The interest in trends in college and university spending by fields of science arises largely in response to the need to trace the shifting emphasis in public funding for R&D by field. The most significant trend in funding by fields of science has been the reductions in funding for most fields of engineering and physical sciences, on one hand, and the accelerating growth in funding for biomedical research, on the other (National Research Council, 2001c). The recent report of the President’s Council to Advance Science and Technology focused on the rather large changes in disciplinary areas supported by R&D funding over the past 25 years (President’s Council of Advisors on Science and Technology, 2002). The report pointed out the rather large shifts in funding among science and engineering disciplines, such as in the physical and life sciences. As a base point: in FY 1970, support for the three major areas of research—physical and environmental sciences, life sciences, and engineering—was equally balanced. Today, the life sciences receive 48 percent of federal R&D funding compared with 11 percent for the physical sciences and 15 percent for engineering.
In order to assess these trends over time, it is necessary to get the data right; in order to get the data right, it is necessary to get the taxonomy of disciplinary classifications right and to apply that taxonomy consistently over time. This is not a simple matter. The taxonomy of fields of science has enlarged its purpose over the years, much as have all classification systems. In this case, a system that was designed to assist academia in sorting out doctoral programs in order to obtain reputational rankings of similar programs and to independently describe offerings has been pressed into service to support data collection in government and ancillary organizations. For the latter purpose the taxonomy is not so directly useful, so mechanisms for tracing activity by the classification system have not naturally evolved (Kuh, 2003). This evolution of the field-of-science taxonomy has also been the case with classifications of industry and occupation, which likewise have been pressed into uses for which they were not designed.

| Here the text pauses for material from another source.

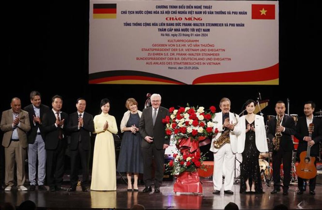 Après le banquet, le président Vo Van Thuonfg et son épouse ont invité le président Frank-Walter Steinmeier, son épouse et les délégations de haut rang des deux pays à profiter d'un spectacle présenté par l'Académie nationale de musique du Vietnam.

Like other classification systems, the classification by fields of science has its official sanction in a directive issued by the U.S. Office of Management and Budget (OMB). The most recent codification that delineates the “official” list of fields of science is contained in a directive entitled Standard Classification of Fields of Science and Engineering. This directive was last
issued in 1978. In actuality, the standing list of fields has been around even longer, since the 1978 directive superseded without change a directive that had been published as OMB Circular No. A-46, dated May 3, 1974. It is uncertain how long that circular had been in gestation. In any event, the federal government is relying on a view of science and engineering that pertained some three decades ago.

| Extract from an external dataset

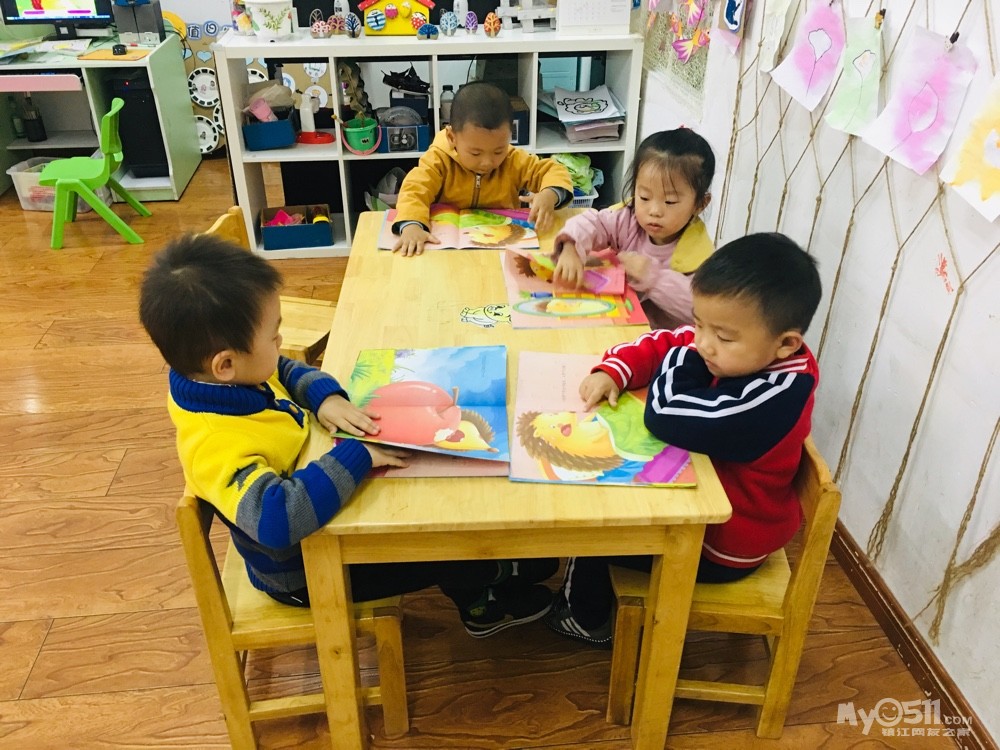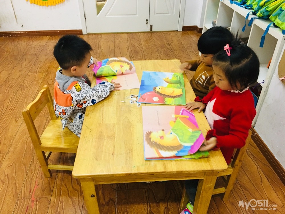 宝贝们拿着书和老师一起阅读…棒棒哒

In the ensuing years, much has changed in the science and engineering enterprise, as well as in the manner in which educational institutions organize their faculty and curriculum. Some of these changes were pointed out in a presentation at a workshop held by the Board on Science, Technology, and Engineering Policy by Charlotte Kuh of the National Research Council (NRC). In the dynamic biological sciences, for example, molecular biologists have been joined by biophysicists and structural biologists; genetics has been subdivided into molecular and general genetics; neurosciences now includes neurobiology; pharmacology now is pharmacology and toxicology; and so on. As science advances, new fields with new names spring up. Genomics morphs into proteomics, which may be regrouping into structural biology. These trends can only be identified in a system that permits field-specific variation and fineness of disaggregation, both of which tend to invalidate the cross-field and cross-data source comparisons to which the taxonomy has been addressed in recent years.
These organizational realities and the static nature of the taxonomy, it was reported in a previous National Research Council study, obscure some critically important information about the character of the science and engineering enterprise at colleges and universities:
The diversity of some research fields, such as physics, which encompasses nuclear, particle, and solid state physics among the many subdisciplines.
The growing importance of interdisciplinary and multidisciplinary research (discussed below).
The changing emphasis within the fields, such as the shift to biologically based chemistry relative to physical chemistry within this field.
The integration of some related fields, an example being the integration of electrical engineering, computer science, molecular biology, and biochemistry.
The emergence of new fields and subfields, such as materials science, computational biology, and biophysics, and the near disappearance of others (National Research Council, 2001c).
There has been criticism over the years that the taxonomies are not standard from survey to survey. It is critically important to have comparable classifications among surveys so that the data can be compared and
linked. Yet, as an example, the life sciences in the survey of college and university spending are disaggregated into agricultural, biological, medical, and other life sciences, while in the survey of federal support to universities, colleges, and nonprofit institutions, the life sciences disaggregation includes a fifth field—environmental biology (National Research Council, 2000).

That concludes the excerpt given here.